MacPorts manual, or info on MacPorts development

Brian Campbell lambda at continuation.org
Thu Jun 28 11:27:05 PDT 2007


On Jun 28, 2007, at 12:24 PM, Juan Manuel Palacios wrote:

> 	Usually when testing out a port, you only need sudo when  
> destrooting and installing either 'cause you need to set special  
> permissions on files or because you need write to otherwise off- 
> limits directories. Everything else from fetching up to build does  
> not require higher powers for anything in particular, so I'd say  
> that whatever gets you write access to the directories where those  
> actions take place (distfiles and build) is just as good (chown,  
> chmod,...), making it clear that the software directory need not be  
> touched (and receipts too, just to be safe).

I also needed permission to just download the file to the distfiles  
directory, and I would like to be able to destroot without worrying  
about accidentally messing anything up (isn't that the point of  
destrooting? so you can make sure things work in a sandbox before  
really installing them?)

> 	You can still install MacPorts anywhere you prefer, that still  
> hasn't changed... but regardless of where you install it you'll  
> still need sudo for certain actions (like, some ports need to set  
> special permissions on the files they install). The recommended way  
> to do development is just what makes it easier for you, what best  
> adapts to your particular practices while not providing cover for  
> potential bugs that users who do need to go through sudo might  
> encounter. It may feel like I'm being a little vague here, but I  
> seriously doubt there is *one* way we could recommend, there are so  
> many to test ports that work equally well, give or take...

Sorry, I should have asked a few more specific questions.

If I install directly from Subversion, will it automatically (as the  
manual implies) use the Subversion dports tree (or mports tree, as of  
the name migration) in sources.conf.

Also, if you install from Subversion, will the distfiles and build  
directories be in the /opt/local tree, or will they be somewhere in  
the Subversion checkout tree?

Finally, is it possible to switch an installation from the binary  
install to one based on Subversion, so you can hack on the latest  
code without having to blow away your /opt/local and start over?

I guess on the "one best way" thing, what I'd like is one reasonably  
good way that we can document in the manual, and that will work for  
people who have started out from installing a regular binary install  
or a SVN install and don't want to mess up their whole /opt/local  
tree. In most projects, what you do to develop is just check out of  
CVS/SVN/whatever, do whatever autoconf/configure/make dance you need  
to build the project, and then you can test everything from your  
build directory before you do a make install. For something like  
DarwinPorts, though, you need to be mucking with your actual  
installation, which when you depend on it and don't want to have to  
reinstall from scratch, can be a little scary.

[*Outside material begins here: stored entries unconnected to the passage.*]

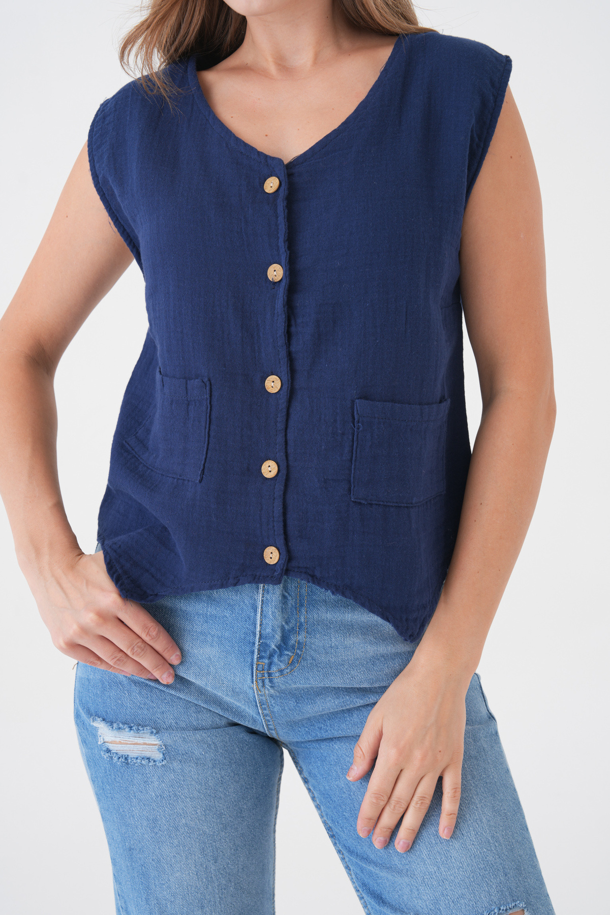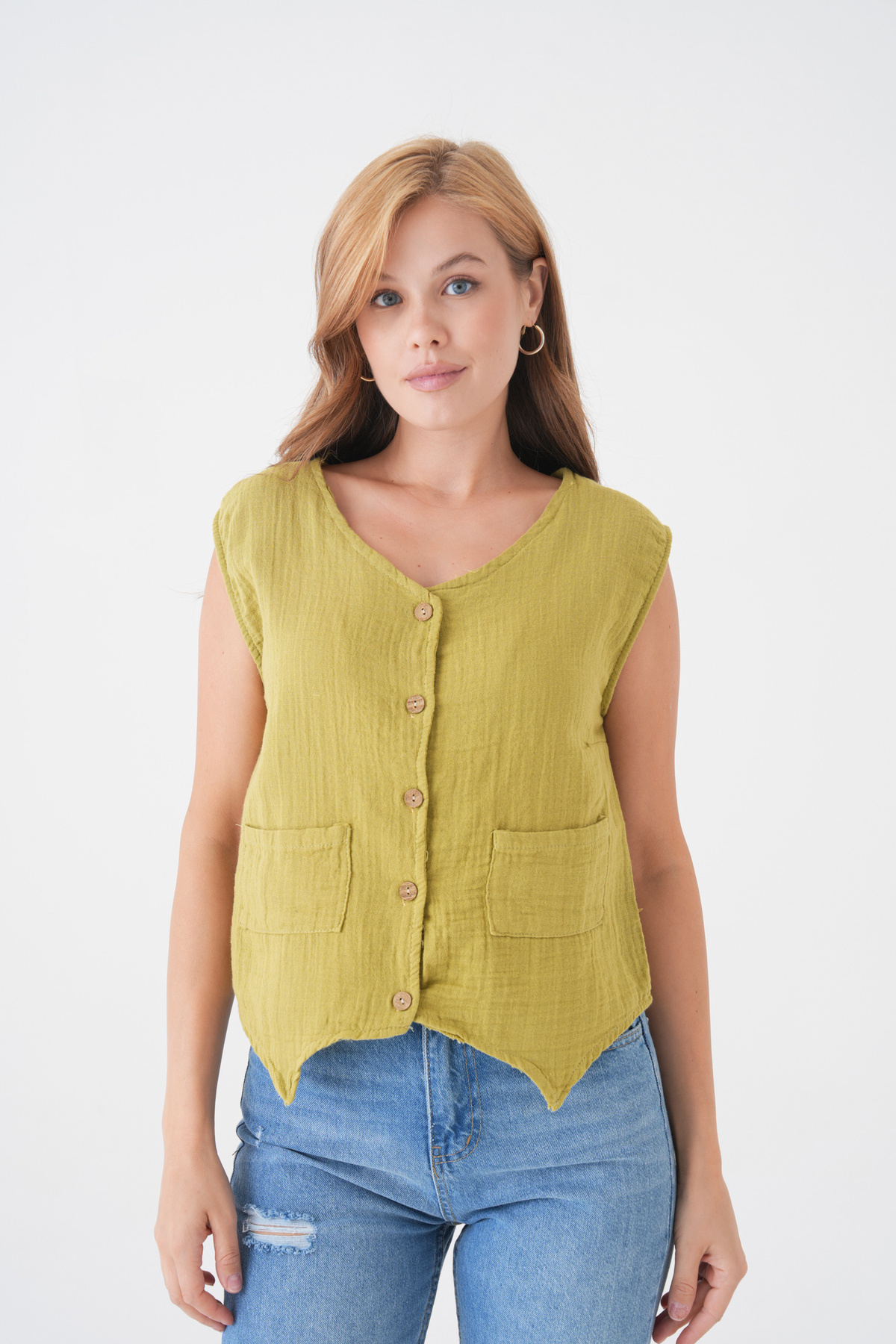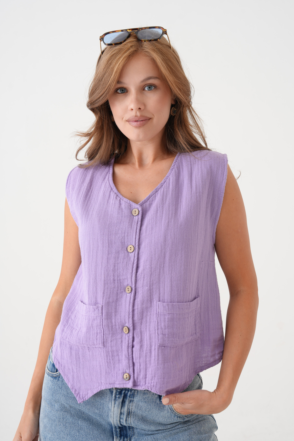 Müslin Cepken Yelek Bluz - %100 Pamuk Önden Düğmeli Kadın Üst Giyim- SM034 Müslin Cepken Yelek Bluz - %100 Pamuk Önden Düğmeli Kadın Üst Giyim- SM034 SMYELEK001 XL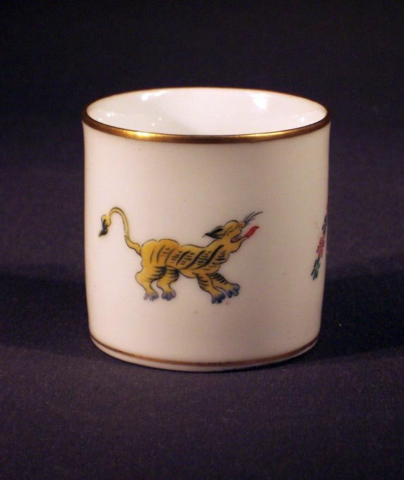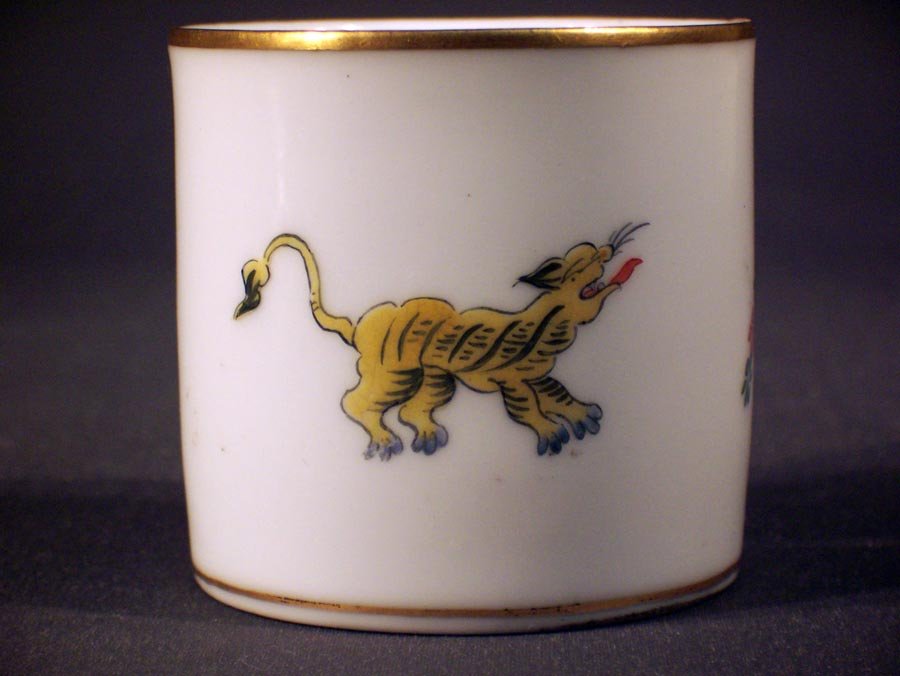 Kleiner Becher; asiatische Malerei mit Fabeltier. Möglicherweise ein Schnapsbecher oder Sakebecher?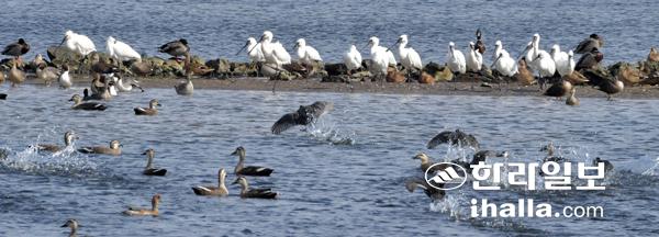 겨울을 나기위해 제주를 찾은 저어새(천연기념물 제205-1, 멸종위기종 1급)들이 10일 하도철새도래지에서 강한 바람을 피해 휴식을 하고 있다. 강희만기자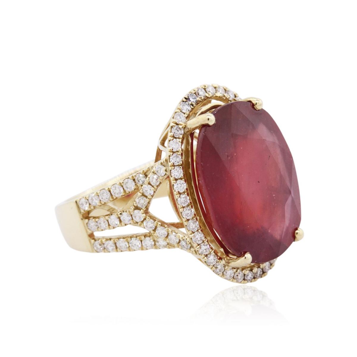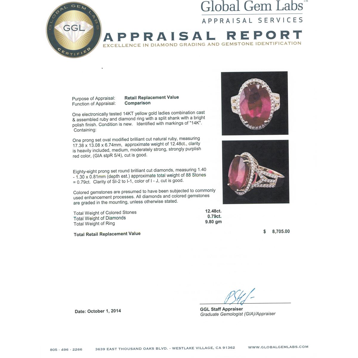 One electronically tested 14KT yellow gold ladies combination cast & assembled ruby and diamond ring with a split shank with a bright polish finish. Identified with markings of "14K". Condition is new. Containing: One prong set oval modified brilliant cut natural ruby, measuring 17.38 x 13.08 x 6.74mm, approximate weight of 12.48ct., clarity is heavily included, medium, moderately strong, strongly purplish red color, (GIA stpR 5/4), cut is good. Eighty-Eight prong set round brilliant cut diamonds, measuring 1.40 - 1.30 x 0.81mm (depth est.) approximate total weight of 88 Stones = 0.79ct. Clarity: SI-2 to I-1. Color: I - J, Cut is Good. Colored gemstones are presumed to have been subjected to commonly used enhancement processes. All diamonds and colored gemstones are graded in the mounting, unless otherwise stated. Total Weight of Colored Stones 12.48ct. Total Weight of Diamonds 0.79ct. Total Weight of Ring 9.80 grams. GGL Appraised at $8,705.00.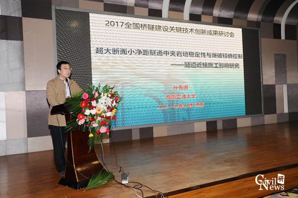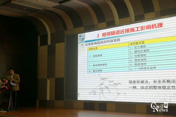 孙克国老师以大会报告“超大断面小净距隧道中夹岩墙稳定性与爆破精确控制”的形式分享了项目的部分研究成果,重点介绍了超大断面小净距隧道的近接施工影响,为济南市连接线工程六条隧道的小净距段提供了技术指导。

> 	Do not let me stop you if you feel you can contribute patches to  
> our man pages too!

Again, the main issue here is that I don't yet know exactly what's  
going on. Which file is correct about where the user configuration  
file goes, port(1) or ports.conf(5)? And what configuration options  
are respected at what times? I can start trolling through the code to  
figure these out, but it might make more sense for someone with more  
experience to just tell me (and then I'll document it), or fix the  
documentation themselves.

> 	I appreciate your work on the guide! We're finally reviving that  
> effort and already automated its nightly regen at http:// 
> geeklair.net/macports_guide/, content that you and others submit  
> will be reflected there after a 24 hours wait at maximum. I'm  
> coordinating with MacOSForge admin personnel moving this to our  
> official website.

Great, looks good. Thanks for taking the lead on getting usable  
documentation up again.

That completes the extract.